What is being asked:
With the material below, print exactly the lines between the line holding "Drawing from the" and the line holding "Use of the toilets", inclusive. Add nothing else.

Data provided:
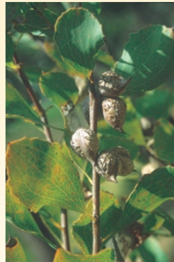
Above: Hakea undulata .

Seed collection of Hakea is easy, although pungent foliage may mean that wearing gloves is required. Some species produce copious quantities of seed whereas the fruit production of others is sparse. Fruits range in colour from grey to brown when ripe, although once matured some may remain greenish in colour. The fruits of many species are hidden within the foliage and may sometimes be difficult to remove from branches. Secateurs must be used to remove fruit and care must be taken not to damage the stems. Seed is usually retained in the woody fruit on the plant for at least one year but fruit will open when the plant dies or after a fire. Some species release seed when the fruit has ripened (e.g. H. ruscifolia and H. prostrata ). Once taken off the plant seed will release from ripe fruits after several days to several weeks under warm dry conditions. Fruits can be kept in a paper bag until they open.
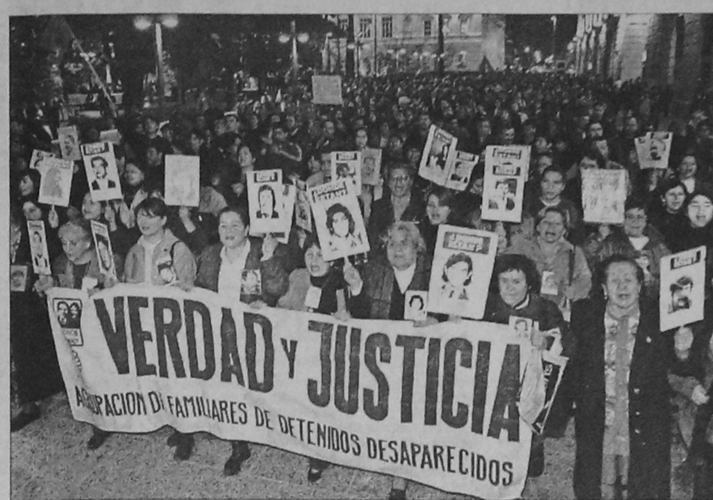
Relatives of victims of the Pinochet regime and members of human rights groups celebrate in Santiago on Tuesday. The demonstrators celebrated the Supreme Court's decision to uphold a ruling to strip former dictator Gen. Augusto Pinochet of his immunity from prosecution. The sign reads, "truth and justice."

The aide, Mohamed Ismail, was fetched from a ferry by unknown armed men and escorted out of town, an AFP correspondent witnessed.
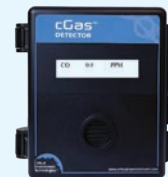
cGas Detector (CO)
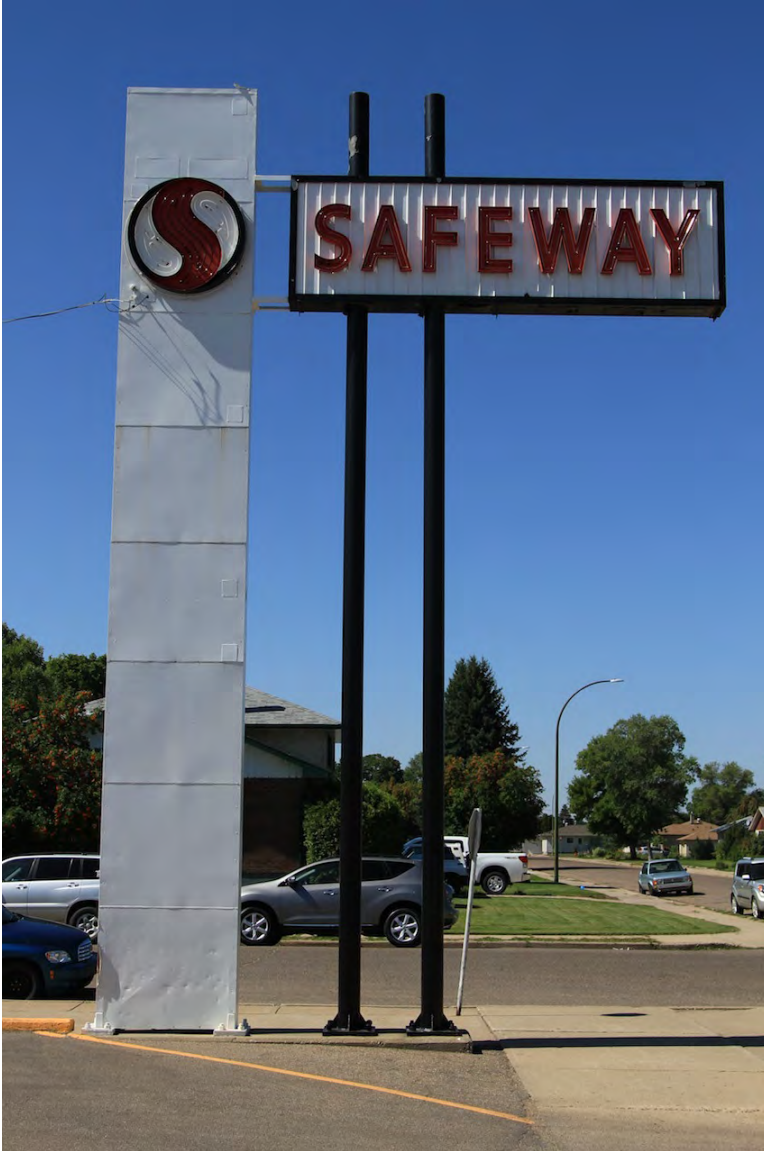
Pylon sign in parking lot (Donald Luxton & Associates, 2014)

==

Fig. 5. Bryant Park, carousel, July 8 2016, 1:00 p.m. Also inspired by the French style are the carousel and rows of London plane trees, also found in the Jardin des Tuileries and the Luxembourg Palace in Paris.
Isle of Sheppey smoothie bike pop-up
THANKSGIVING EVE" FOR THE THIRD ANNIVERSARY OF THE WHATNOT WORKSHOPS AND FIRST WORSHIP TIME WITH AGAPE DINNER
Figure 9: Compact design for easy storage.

--

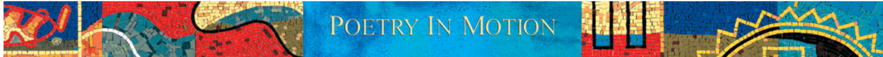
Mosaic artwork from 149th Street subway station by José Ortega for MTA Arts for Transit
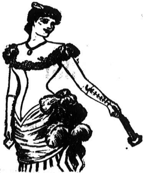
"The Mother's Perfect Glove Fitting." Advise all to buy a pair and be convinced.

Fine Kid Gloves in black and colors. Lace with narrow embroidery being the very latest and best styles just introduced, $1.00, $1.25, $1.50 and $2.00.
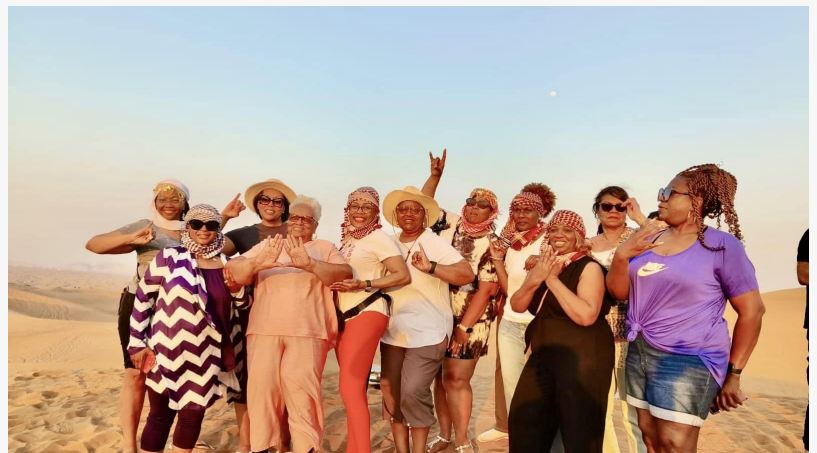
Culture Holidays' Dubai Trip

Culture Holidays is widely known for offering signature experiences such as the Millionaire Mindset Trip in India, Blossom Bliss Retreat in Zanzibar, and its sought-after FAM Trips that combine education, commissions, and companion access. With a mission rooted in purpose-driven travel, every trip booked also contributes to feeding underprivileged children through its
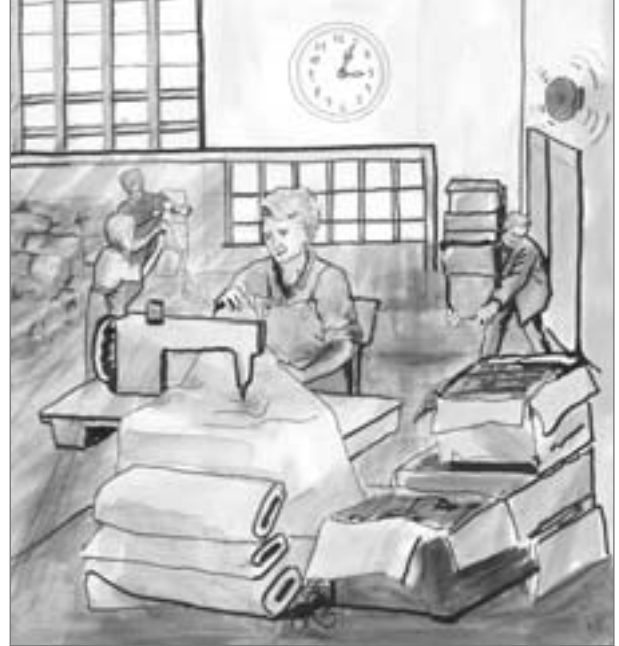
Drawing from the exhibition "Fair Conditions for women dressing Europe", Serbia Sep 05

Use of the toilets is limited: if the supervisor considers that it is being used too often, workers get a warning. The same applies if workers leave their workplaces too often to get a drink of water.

Task output:
Drawing from the exhibition "Fair Conditions for women dressing Europe", Serbia Sep 05

Use of the toilets is limited: if the supervisor considers that it is being used too often, workers get a warning. The same applies if workers leave their workplaces too often to get a drink of water.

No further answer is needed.